In the most charitable light, all the europeans and most of the travelers will perceive you as someone riding an odd bike as a special challenge — like the british guy who’ll ride a bread delivery bike or whatever in period dress, the perennial singlespeeders, or the five fatbike failures this year

Less charitably you look like a historical reenactor tryhard who read old books about PBP instead of doing any actual randonneuring in a first-world country

Theo and James rode really strong in the B wave, but on their 650b constructeur machines with centerpulls/cranks/fenders and the whole high-polished deal. Despite their fully modern lycra clothing and ability to ride strong in a straight line, the other fast 80h riders wanted nothing to do with them — they appeared sketchy and untrustworthy, to be ostracized

Most of the pack riders would much rather deal with the literally 1,000 fat old italian guys wobbling around and avoiding pulls, because at least they fully understand their bullshit and social dynamics.

The optimum equipment for the parcours is a modern stage race road bicycle — with 28mm road tubeless tires, totally normal gearing, minor aero tuning, and a revelate tangle+feedbag for your shit. Dynamo lighting really sweetens the situation, but there’s also so many opportunities for drop bags at controls to get fresh batteries and clothing changes.
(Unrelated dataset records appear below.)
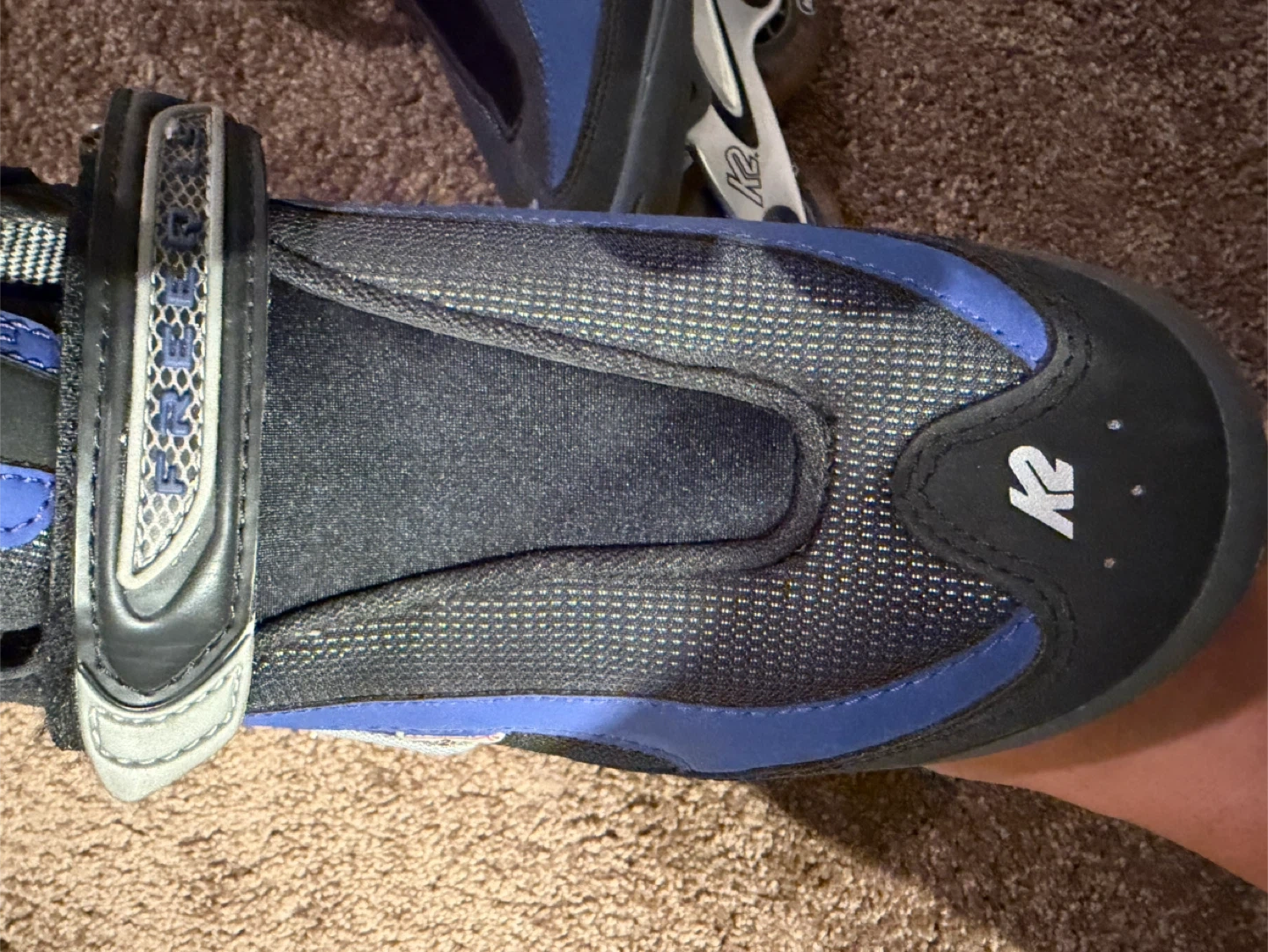 These K2 inline skates are designed for power transfer. They feature aluminum frames and 80mm max wheels. The skates are blue and grey.
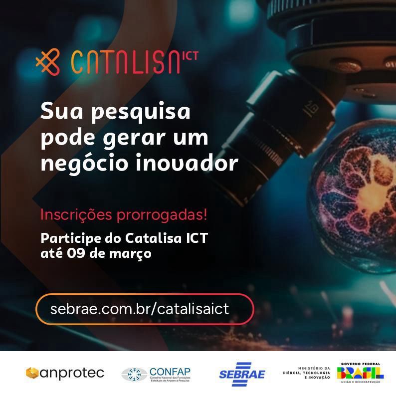 Foi prorrogado para o dia 9 de março o prazo de inscrições para o novo ciclo da jornada Catalisa ICT, programa do Sebrae que tem como objetivo transformar pesquisas com potencial de inovação em soluções de impacto para a sociedade. O edital é voltado para mestres e doutores, com pesquisas concluídas ou em andamento, e que participem desde o primeiro ciclo do programa.
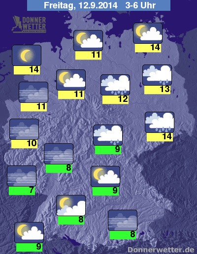In der Nacht zum Freitag bildet sich im Süden zunächst noch einzelne Schauer, selten sind auch Gewitter möglich, hier klingen die Niederschläge aber nach Mitternacht meist ab, im Osten halten sich die dichten Wolken dagegen verbreitet bis zum Morgen und es fällt gebietsweise Regen. Locker bewölkt oder klar bleibt es im Norden und Westen des Landes, stellenweise bildet sich hier jedoch Nebel oder Hochnebel. Die Temperatur sinkt auf 14 Grad in der Lausitz und 7 Grad im Saargau.
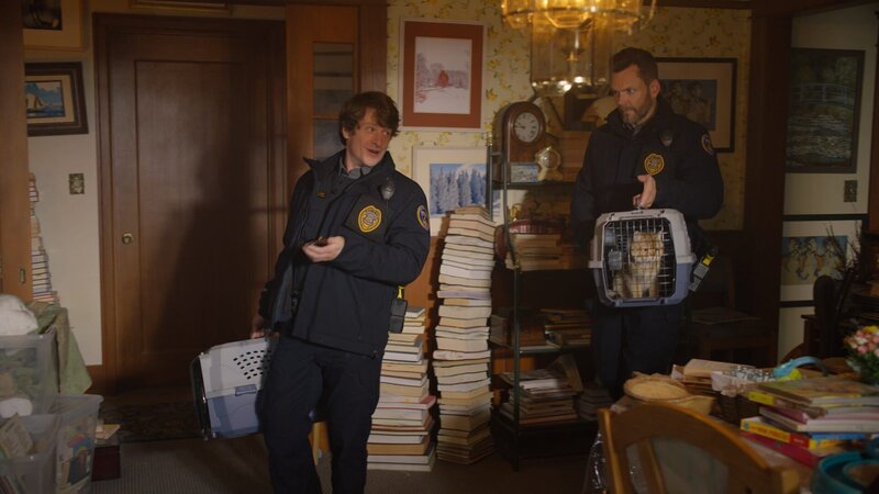 L-R: Michael Rowland as Fred 'Shred' Taylor and Joel McHale as Frank Shaw
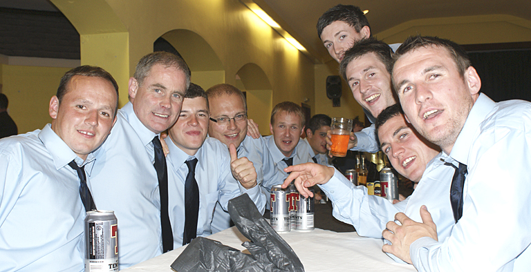 The smartly dressed Saints squad celebrate the cup win in the Borrodale Hotel - they weren't so smartly dressed at 3 o'clock the next morning.

Jan Heine’s ideal 650b low trail integrated rando situation is PERFECT for freeform adventure bike camping in mixed terrain exploring backcountry with intermittent services and developing circumstances. PBP is the polar opposite of that. Jan is still a wonderful contrast to QBP’s bikes that are contradictory for anything anyone actually does outside of hyper-specific midwest dirt day ride events, or the bikepacking bikes that are tuned for GDR & Tour Aotearoa instead of real life.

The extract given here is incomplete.